Christophe Restif, Carolina Ibáñez-Ventoso, Mehul M. Vora, Suzhen Guo, Dimitris Metaxas, Monica Driscoll

Abstract

In the effort to define genes and specific neuronal circuits that control behavior and plasticity, the capacity for high-precision automated analysis of behavior is essential. We report on comprehensive computer vision software for analysis of swimming locomotion of C. elegans, a simple animal model initially developed to facilitate elaboration of genetic influences on behavior. C. elegans swim test software CeleST tracks swimming of multiple animals, measures 10 novel parameters of swim behavior that can fully report dynamic changes in posture and speed, and generates data in several analysis formats, complete with statistics.

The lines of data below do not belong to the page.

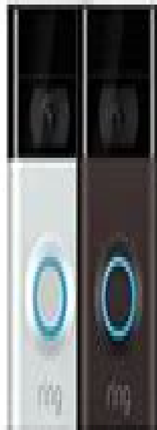
Ring Video Doorbell 2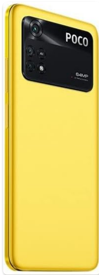
Figure 3: The immersive 6.43-inch FHD+ AMOLED DotDisplay of the Poco M4 PRO 4G.

providing a vibrant and smooth visual experience. It also includes a Certified Eye Care Display to reduce eye strain from blue light.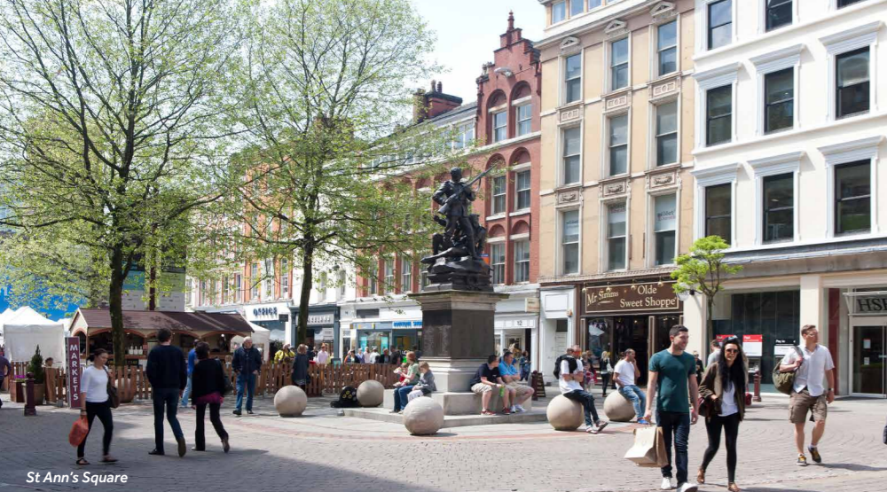
St Ann's Square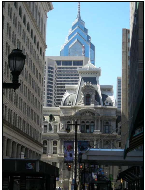
Downtown Philadelphia soars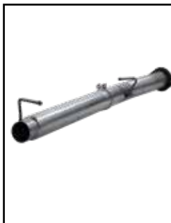
Exhaust Race Pipe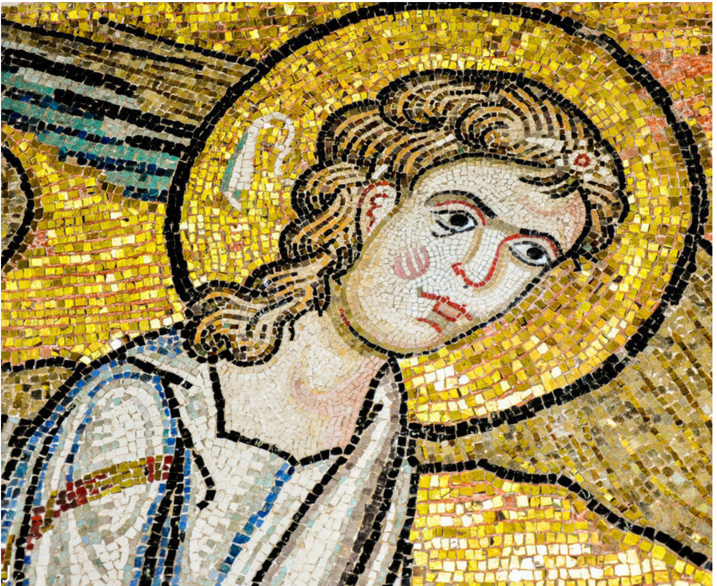
Mosaic from the Basilica of the Nativity - photo courtesy Latin Patriarchate of Jerusalem

By Saher Kawas, Latin Patriarchate of Jerusalem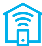
Smart Home, Smart Building

Oventrop is the partner for efficient heating, cooling and clean potable water. The modular systems and services offer pioneering solutions which all HVAC experts use to work with – easily and flexibly – from planning to installation, from industry to trade. As a family business, Oventrop accompanies all its partners over many years – competently and personally.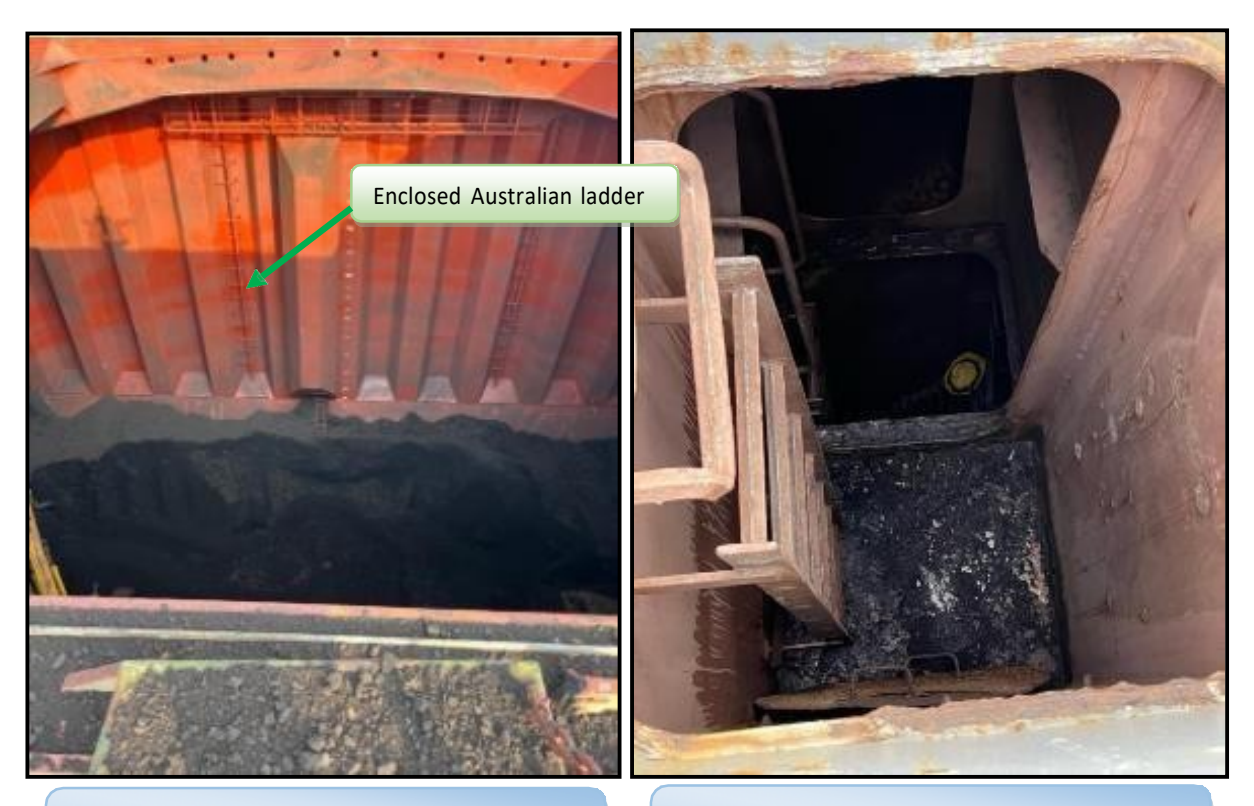
Fig 3: Australian Ladder with enclosed dome

further exacerbates the risks associated with entering enclosed spaces, turning routine tasks into potential death traps.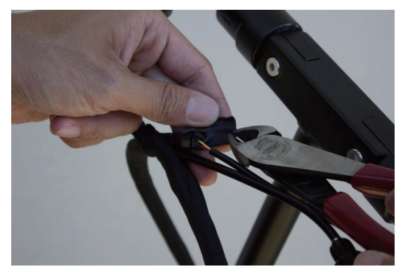
A2. Remove the heat shrink tube to access the connectors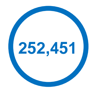
Highest Post reach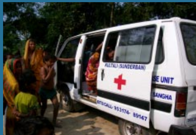
BTS-Ambulance is in service to the Community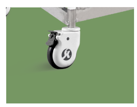
5' silence caster, advanced protection universal brake wheel, easy to move, simple to operate, reliable performance

Aluminum alloy side rail,5-staff, knocked-down type, Tight by screw, easy to change if it is broken.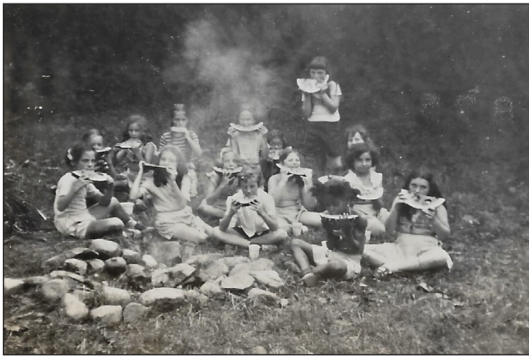
Enjoying watermelon, post foil cooking on the campfire. 1947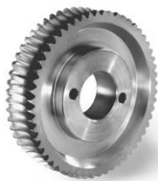
Worm gear from another machine typ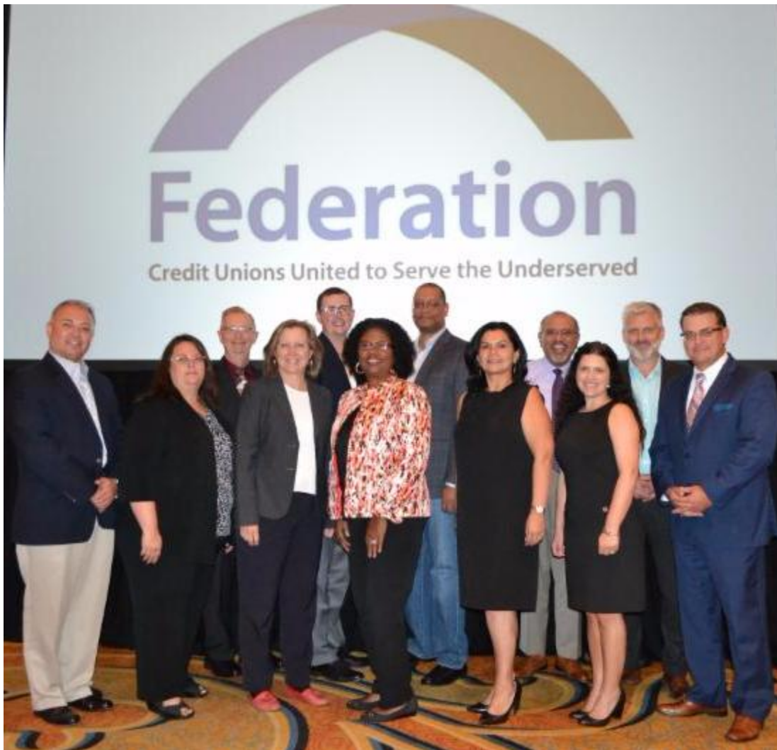
Meet the 2018 Federation Board of Directors , officially announced at the Annual Conference in St. Louis.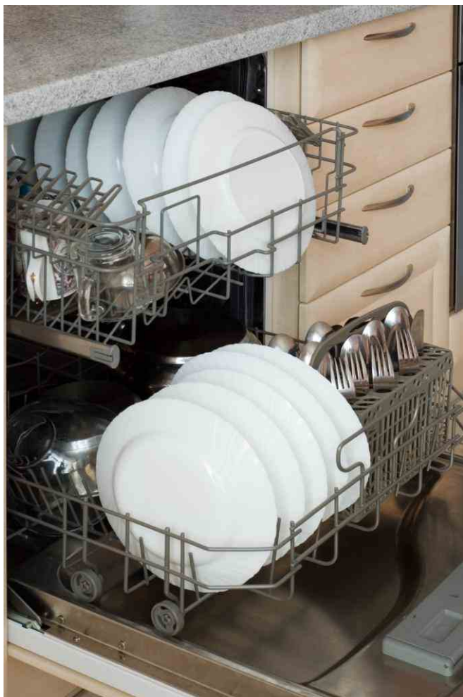
Figure 6. Dishwasher

SS39ET/SS49E/SS59ET Series sensors can monitor the current powering the electromagnets in the pump's motor. If the current is not within its normal range, the logic could also perform overload or motor malfunction detection.

Our measures of swim locomotion utilize a deformable model approach and a novel mathematical analysis of curvature maps that enable even irregular patterns and dynamic changes to be scored without need for thresholding or dropping outlier swimmers from study. Operation of CeleST is mostly automated and only requires minimal investigator interventions, such as the selection of videotaped swim trials and choice of data output format. Data can be analyzed from the level of the single animal to populations of thousands. We document how the CeleST program reveals unexpected preferences for specific swim "gaits" in wild-type C. elegans, uncovers previously unknown mutant phenotypes, efficiently tracks changes in aging populations, and distinguishes "graceful" from poor aging. The sensitivity, dynamic range, and comprehensive nature of CeleST measures elevate swim locomotion analysis to a new level of ease, economy, and detail that enables behavioral plasticity resulting from genetic, cellular, or experience manipulation to be analyzed in ways not previously possible.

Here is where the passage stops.